Ascent of Mount Oberlin on 1994-07-25
|Date:||Monday, July 25, 1994|
|Ascent Type:||Successful Summit Attained|
| Elevation:||8180 ft / 2493 m|
Ascent Trip ReportEven though Glacier National Park boast only six 10,000 foot peaks, making its mountains laughably low by the standards of the rest of the western U.S., the steepness, remoteness, and vertical gain of the park's mountains is truly formidable. No trails even get near to any summits, rotten cliffs and loose rock are constant obstacles, man-eating grizzly bears roam around, and the weather can be severe. My plan was to first climb Mt. Oberlin, an 8,180 foot peak made easy by the proximity of a high trailhead at Logan Pass, to see what peaks in the park were like.
I hiked up the nature path among hordes of tourists, and then struck off to my right towards Mt. Oberlin across meadows, with one tourist telling me I shouldn't trample the fragile alpine tundra. I was not aware of the NPS-recommended route, but I did try to stay on rock as much as possible. I soon arrived in the cirque beneath the peak, and I elected to try to climb up via the south ridge, since I saw people on a faint path heading up that way. I passed the people, and after a short but steep climb I gained the crest of the ridge at the Oberlin-Clements col.
The ridge to the summit was a challenge, due to lots of short cliffs and miserable, crumbling rock; although not as bad as Cascade volcanic crap, it was semi-sturdy metamorphic layers that sometimes just came right out of the mountain face when you tugged on them. The crux of the route was at a cliff face I couldn't scale where I jumped down five feet to a shelf that offered a route around it, and there were other small cliffs that had to be scaled.

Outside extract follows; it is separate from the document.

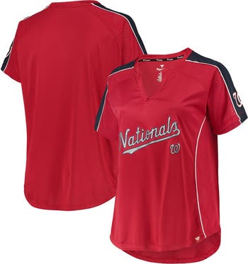 The Women's Red Washington Nationals Plus Size Diva Notch Neck Raglan T-Shirt is the perfect way to show your support for the Washington Nationals. This stylish and comfortable shirt features a decorative button at the collar, mesh side panels and sleeves, and a rounded droptail hem. The stitched fabric applique with glitter details adds a touch of flair, while the raglan sleeves provide a comfortable fit. Made from durable polyester, this shirt is perfect for any Washington Nationals fan.

I reached the summit, all alone, and admired views and took pictures under the cloudy skies. The mountain panorama was excellent--I was up on a dizzying height--and the traffic at Logan Pass below looked pretty bad. For my descent I climbed down the southeast side of Mt. Oberlin, where a faint path led down the steep, crumbly slopes to the cirque I had been in earlier, since it looked easier than the way I had climbed up. There were still some snowbanks there, and I saw a couple other parties. Following obscure paths wherever possible to avoid more meadow-trampling, I made my way down the ravine, crossed a brook a few times, found a water tower, and then easily hiked down to the visitor center, making a complete loop.
The Logan Pass area was still a zoo, and cars were following people to their cars so they could scarf up parking spaces--like at the mall before Christmas. I went straight to my car and left as my space was taken immediately, and I saw cars parking on the shoulder of the road even though there was a ranger there giving parking tickets in plain view.